Of course, nobody thinks the UK’s current arrangements on corporation tax are what we would have if Labour had been in power for the last decade. We’ve been saying for years that the Conservatives are in the wrong place on it, allowing the UK to fall out of line with comparable economies. So a long-term plan that looks to fix the problems would be welcome. But we are in the middle of an economic crisis and we need all our focus to be on growth.
It is simply not the right time for an immediate tax rise on businesses. The biggest problems for businesses are their looming business rates bills and wondering how to cope with high levels of debt. The Chancellor still hasn’t announced what will happen with business rates, leaving things to the last minute yet again. And he hasn’t set out a plan to deal with high levels of debt.

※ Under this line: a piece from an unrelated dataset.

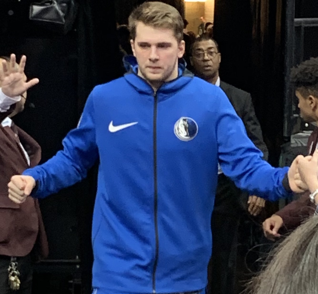 A picture of Luka Dončić entering the American Airlines Center in Dallas, Texas, USA before a game against the Portland Trail Blazers on December 4, 2018

Hiking taxes on struggling businesses and families now is so daft, it’s hard to believe the Chancellor is proposing to do just that. But then of course, he set the pattern back in November with his stealth council tax rise – a 5% hike kicking in next month, while the pandemic is still raging, forcing families to tighten their belts and stop spending, just when we need to rebuild confidence in the economy.
This week, we are at a fork in the road. Beyond the rhetoric, the Conservatives want to go back to the same insecure economy and unequal country that’s been so cruelly exposed by the virus. Labour believes Britain can seize this moment to create a secure and prosperous economy for the future.
That means creating the conditions for new jobs and for people to invest in our economy. It means breathing new life into town centres and high streets. It means providing much more security at work. It means creating growth across the country – every sector, every nation and region, every city and every town. That’s what we desperately need to see tomorrow.